Odprowadzanie ciepła z układów elektronicznych
Odprowadzanie ciepła z układów elektronicznych jest jednym z podstawowych problemów z jakimi muszą się mierzyć projektanci elektroniki. Niezależnie od rodzajów projektu, wiele urządzeń elektronicznych generuje ilości ciepła, które wymagają świadomych zabiegów zapobiegających ich przegrzaniu się. W tym artykule prezentujemy kilka faktów i technik, które powinien znać właściwie każdy elektronik.
Cieplne prawo Ohma
Najbardziej podstawowe prawo fizyki, które pozwala projektantowi elektroniki oszacować jaką temperaturę osiągną elementy w jego układzie brzmi:
Element osiągnie taką temperaturę, przy której szybkość odprowadzania ciepła do otoczenia będzie równa szybkości jego dostarczania do elementu.
Brzmi banalnie? Ma to jednak bardzo daleko idące konsekwencje. Jeżeli oznaczymy moc dostarczaną do elementu jako $P_{in}$, a moc odprowadzaną do otoczenia jako $P_{out}$ to możemy tę zasadę zapisać równaniem:
$P_{in} = P_{out}$
Nasza zasada jednak sama z siebie jeszcze nam nie wystarcza. Potrzebna jest druga, która mówi jak moc odprowadzana do otoczenia zależy od temperatury elementu. I tutaj wchodzi na scenę prawo, które elektronicy często nazywają „cieplnym prawem Ohma”. Mówi ono, że:
Moc odprowadzana przez element układu do otoczenia jest proporcjonalna do różnicy temperatur między tym elementem, a otoczeniem.
Czyli krótko – im bardziej nagrzany element tym szybciej się chłodzi.
Znowu, możemy to zapisać wzorem:
$P_{out}=\frac{\Delta T}{R_{th}},$
gdzie $\Delta T$ to różnica między temperaturą jaką osiągnie element, a temperaturą otoczenia, a $R_{th}$ to tzw. rezystancja termiczna, którą mierzymy w stopniach Celsjusza na wat lub Kelwinach na wat (to dokładnie jedno i to samo) – $K/W$. Rezystancja termiczna równa $1 K/W$ oznacza, że doprowadzenie do elementu $1 W$ mocy spowoduje jego rozgrzanie o $1 ^\circ C$ powyżej temperatury otoczenia.
Warto znać przybliżone rezystancje termiczne kilku często spotykanych w elektronice połączeń:
- Struktura układu w obudowie TO-92 – powietrze: $300 K/W$
- Struktura układu w obudowie TO-220 lub TO-263 – powietrze: $60 K/W$
- Płaszczyzna miedzi o promieniu 1 cm – powietrze: $30 K/W$
- Dwie strony laminatu FR4 o grubości 1 mm i promieniu 1 cm: $12 K/W$
- Dwie strony przelotki między dwoma warstwami miedzi na płytce: $100 K/W$.
Powyższe wartości są oczywiście orientacyjne, a dokładne wartości zależą od parametrów konkretnego projektu.
Weźmy prosty przykład.
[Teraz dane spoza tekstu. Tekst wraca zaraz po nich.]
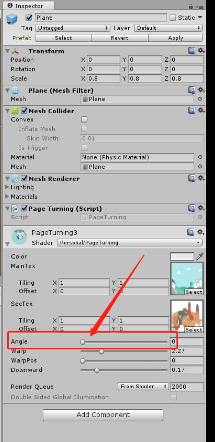 删除Plan,然后重新创建一个Plan添加材质球PageTurning2。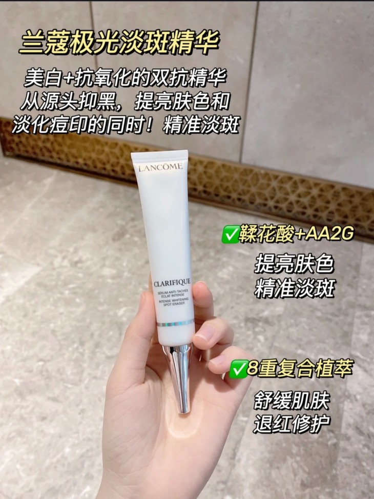 👑兰蔻极光美白精华50ml 👍兰蔻爆冷门!淡斑、提亮两手抓! ✅主打靶向淡斑和高效美白,精准淡化痘印和斑点!! 💚滴管设计,干净卫生!使用超级方便。轻盈凝乳质地,好推开,清爽好吸收 ✨成分实打实在线!坚持使用从内到外打造肤色透亮均匀的发光感~ 👉全脸涂抹,提亮肤色,局部涂抹,精准淡斑🙌

Jeżeli zastosujemy w projekcie tranzystor mocy w obudowie TO-220, który musi rozproszyć $2 W$ ciepła to jego struktura wewnętrzna rozgrzeje się o $\Delta T = 2 W \times 60 K/W = 120 K$. Jeżeli temperatura otoczenia wynosi $20 ^\circ C$ to ostateczna temperatura struktury osiągnie $140 ^\circ C$ – zbyt wiele aby tranzystor mógł bezpiecznie pracować. Widzimy, że elementy w tego typu obudowach same z siebie są w stanie bezpiecznie rozproszyć do ok. $1 W$ mocy.
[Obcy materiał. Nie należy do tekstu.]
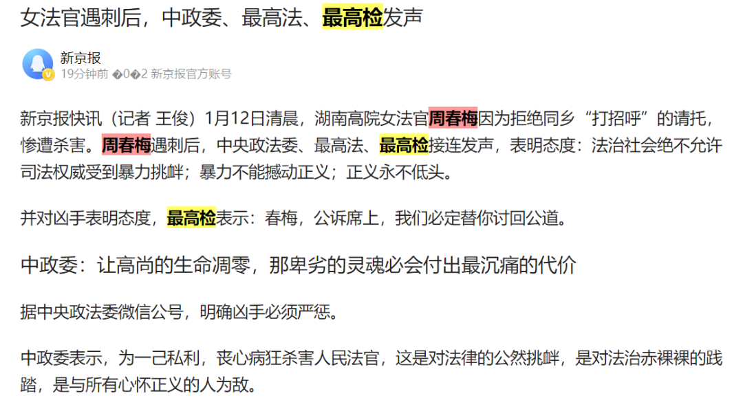 为此,就特别要警惕,权力部门的定调定性,会不会太迫不及待了。人们需要都看得见的结果正义,更需要看得见的程序正义。那么,这一次,在真相之前,程序正义和专业主义,会不会被各种权力的震怒给吓退了呢?公号“呦呦鹿鸣”昨天发了一篇题为《最高法的朋友,这次不妨走慢些》,认为相关司法部门的公共表达,太“紧凑”了。到底有多快呢?事发当日下午17:35,长沙市公安局天心分局就发布《警情通报》:警方通报两个半小时之后,湖南省高院发布《关于周春梅法官不徇私情、拒绝人情干扰 惨遭报复杀害情况的通报》:湖南高院通报之后不到一个小时,最高人民法院发布两篇官方微信公号文章,评价此事。这一切,足见这起杀人事件影响之力,损伤司法权威,也伤害司法界尊严。从新闻专业主义角度,从信息核实到写作完成,从审核批复到平台发放,不得不说,这些平台完成这些工作,真得有最牛逼的写作高手和最有效的编审机制。我就写这样一条稿件,还折腾了两天,生怕有一处细节不理性!我也不是嫉妒这种“快速度”,只是联想到一些司法拖拉、怠政与麻木的现象,觉得有些不爽。比如,“王振华案”的正义就迟迟没来,这些部门如果能以这样的激愤,来对这种人渣进行定调定性,早点让这厮受到正义审判,那该多好。周春梅是中国女人,王振华制造“13分钟永夜”伤害是中国女儿,谁的人身权利也容不得恶人伤害。回到此案,有些内容本身的定调与定性,需要经受专业主义的理性。离开公开事实与揭示真相,就无法形成完整的证据链条。说一万句周春梅是好法官,这都没问题。但是,眼睛只盯在周春梅一个人身上,肯定不足以成为对向慧杀人定性的完整依据。换句话说,就算向慧杀的是一个坏人,她也一样应该受到法律严厉审判。就算向慧是一个杀人犯,在未经审判前,她应有的权利也必须在法律框架下被尊重。这样集中震怒的权力,如果只是吓到那些挑战司法的人,倒也很好。但是,在具体执行中,会不会吓退专业主义,绕过程序正义,现在也有必要留个心。具体到这起命案中,对案件本身的司法定性,首先需要更为规范的陈述。即便是对一个杀人犯,在案件审判前,我们也只应称其为犯罪嫌疑人。法官在案件发生后,在未完成证据复核和审判流程下,保持应有的节制理性。这是讲究司法伦理的起码要求,也是满足程序正义的必须要求。不得不说,这起案件发生后,相关司法部门的公共表达,给人感觉过于情绪化,太急于定调定性了。退一步讲,如果只是普通公民,来表达这样的情感情绪,多少也可以理解。对司法部门来说,越是对本系统员工,越应该时候警惕自己不要先用司法舆论来影响审判。在这样的公共案件面前,在信息核对没有真正还原真相之前,在司法审判程序还没有正式启动之前,司法权力部门的发声,应该克制理性,严谨规范。

Odprowadzanie ciepła przez radiatory
Szybkość odprowadzania ciepła do otoczenia możemy znacznie poprawić montując element do metalowego radiatora. W zależności od rozmiarów może od zapewnić rezystancję termiczną do otoczenia od kilkudziesięciu do poniżej jednego $K/W$.
W analizie należy jednak uwzględnić, że doprowadzenie ciepła od struktury elementu elektronicznego do radiatora samo w sobie ma jakąś rezystancję termiczną zwykle rzędu $1 K/W$. Koniec końców nie da się więc obniżyć rezystancji termicznej poniżej tej wartości.
Dodatkowy problem wynika ze sposobu mocowania radiatora do elementu, które może dodać dodatkową rezystancję termiczną. Można ją obniżyć np. smarując powierzchnię styku pastą termoprzewodzącą, która wypełni mikroskopijne chropowatości styku zwiększając jego efektywną powierzchnię.
Często nie wolno montować bezpośrednio metalowych elementów obudowy elementów do radiatora. Wynika to z kilku powodów:
– jeżeli do radiatora będą zamontowane inne elementy to bez izolacji elektrycznej wystąpi między nimi zwarcie,
– dołączenie do radiatora elementu pracującego z niebezpiecznym napięciem może narazić użytkownika na porażenie,
– dołączenie radiatora do elementu o szybko zmiennym napięciu może spowodować wypromieniowanie zakłóceń elektromagnetycznych,
– radiator ze względów bezpieczeństwa i/lub kompatybilności elektromagnetycznej jest uziemiony.
W takiej sytuacji stosuje się izolacyjne przekładki termoprzewodzące między elementem, a radiatorem. Są one zwykle wykonane z miki lub odpowiednio wypełnionego silikonu i zapewniają izolację elektryczną przy jednoczesnym przewodzeniu ciepła.
Warto też pamiętać, że jeżeli radiator ma pracować z wymuszonym ruchem powietrza (np. z wentylatora) to jego żeberka powinny być ustawione tak, żeby powietrze mogło je swobodnie opływać.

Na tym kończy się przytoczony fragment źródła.